St. Louis-area firms oppose religious objections measure
By Associated Press
ST. LOUIS (AP) - Top executives from some of the St. Louis area's largest companies say Missouri's proposed religious freedom bill could have a devastating impact on the state's economy.
Leaders from Monsanto, MasterCard and other firms joined Gov. Jay Nixon Friday at the St.
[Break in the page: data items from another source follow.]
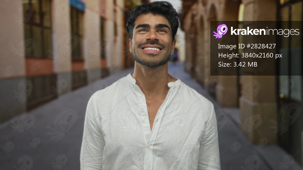 Man smiling showing teeth while looking up on historic sunlit street; optimism curiosity adventure inspiration.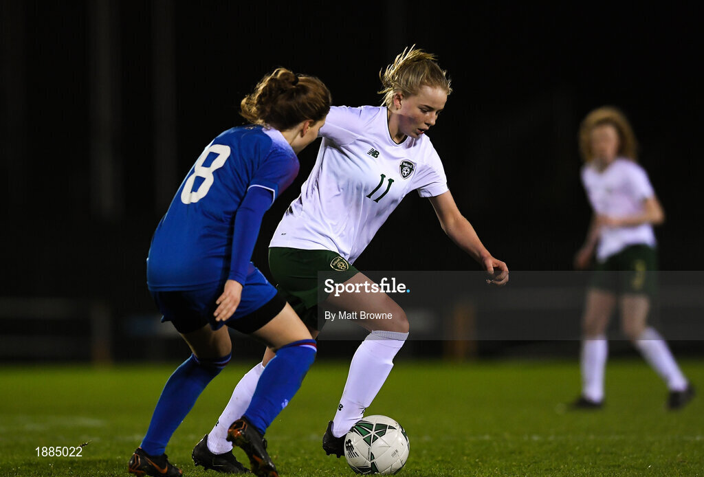 14 February 2020; Kerryanne Brown of Republic of Ireland in action against Bergþóra Sól Ásmundsdóttir of Iceland during the Women's Under-17s International Friendly between Republic of Ireland and Iceland at the RSC in Waterford United. Photo by Matt Browne/Sportsfile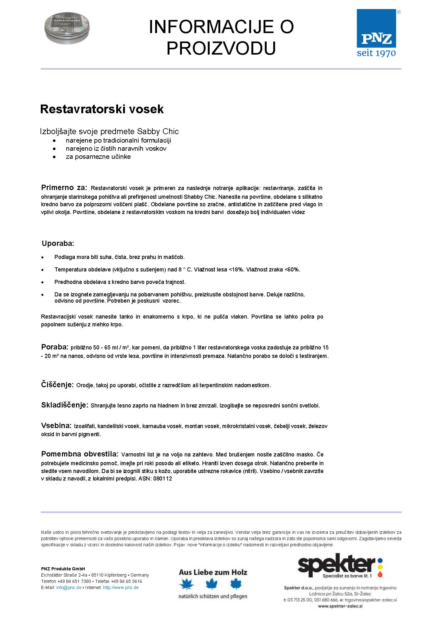 - Vosek za pohištvo PNZ nanesite na tanko in enakomerno s krpo, ki ne pušča vlaken. Površina se lahko polira po popolnem sušenju z mehko krpo,
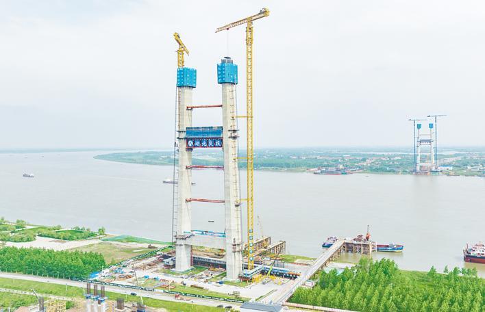 该大桥是武汉都市圈环线高速公路的重要组成部分,目前项目进展顺利,北岸主墩净高已超180米。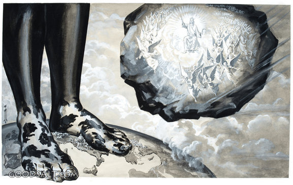 Jesus, stone, world, clay, feet, iron, kingdom, prophecy, angels, grayscale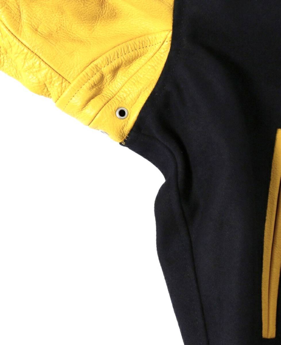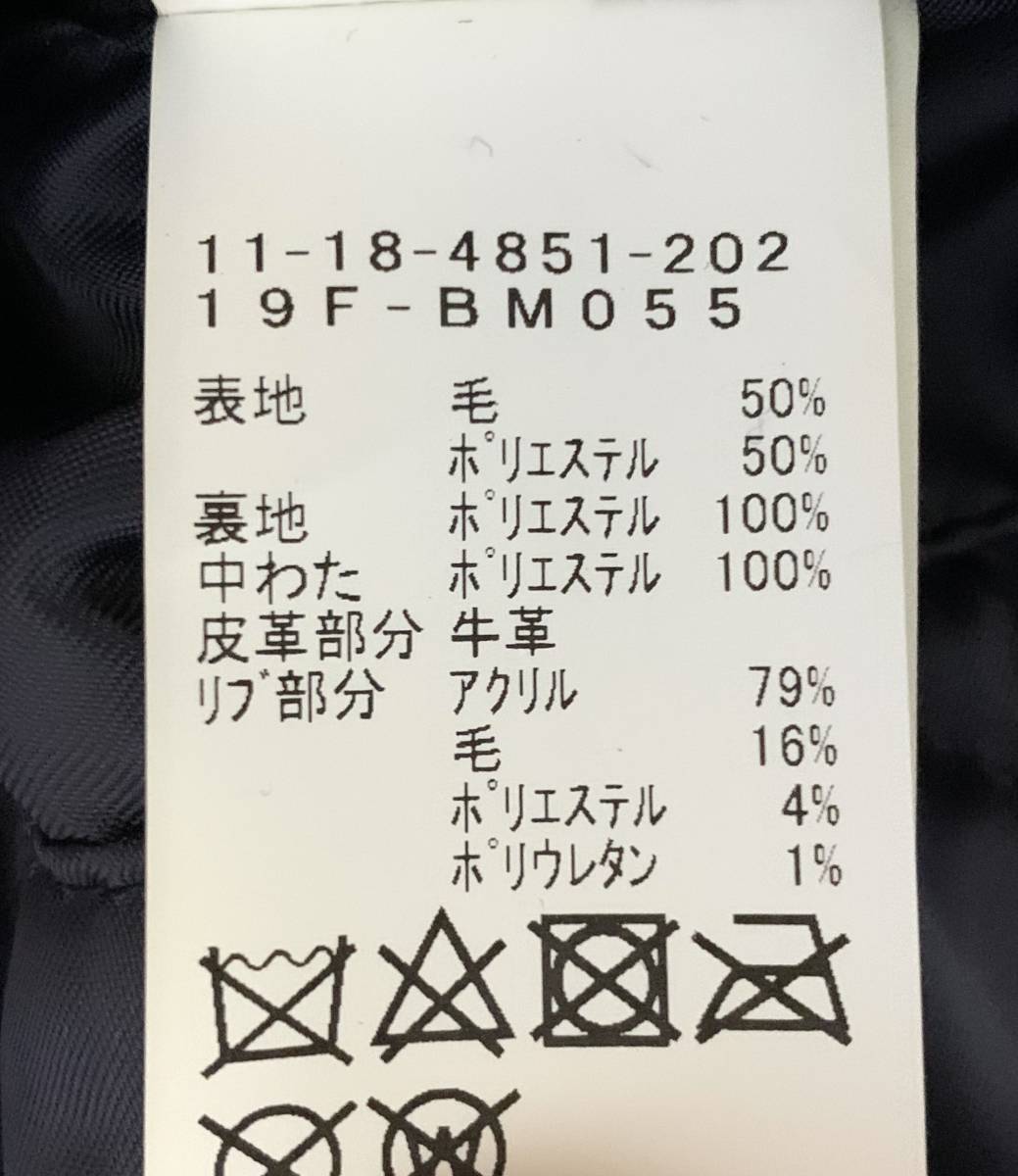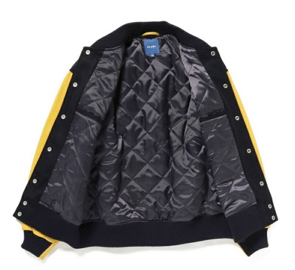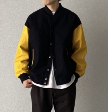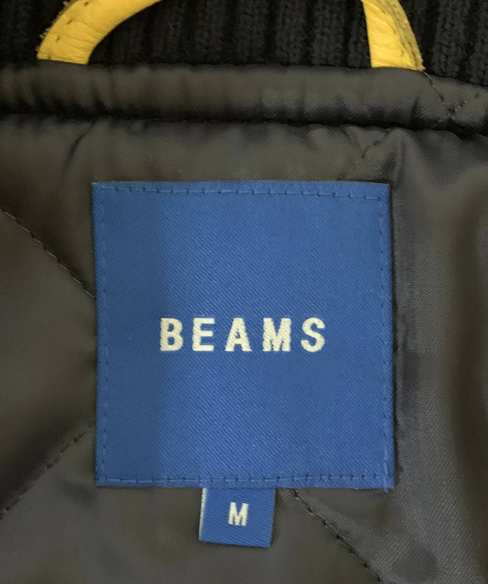 BEAMS ルーズ アワード ジャケット(M)紺/黄 ビームス スタジャン メルトン レザー 本革 オーバー ビッグ サイズ ドロップショルダー

Louis Regional Chamber to express opposition to Senate Joint Resolution 39. The bill survived a 37-hour filibuster by Senate Democrats.
If approved by the Legislature, it would go to voters.
The proposal calls for amending the state Constitution to create religious protections for some businesses objecting to gay marriage.
The Missouri Chamber of Commerce and Industry announced its opposition to the bill Thursday.
“Dollars, capital, tourism can be anywhere they want in the world we've got to be the most welcoming and competitive,” says Joe Reagan, President of The Saint Louis Regional Chamber of Commerce.
Reagan says if it passed, the bill would shut out major big ticket events, like the NCAA who he says is watching closely how the bill plays out.
Republican sponsor Sen. Bob Onder, of Lake St. Louis, has disputed claims that the measure could hurt business and says some businesses support the proposed amendment.
“Everything from painters, insurance agents, doctors lawyers support my bill,” says Onder.
He didn’t give out names of businesses, but he did specify which religious organizations support him, from the Missouri Baptist Convention, to the Assembly of God and Missouri Catholic Conference.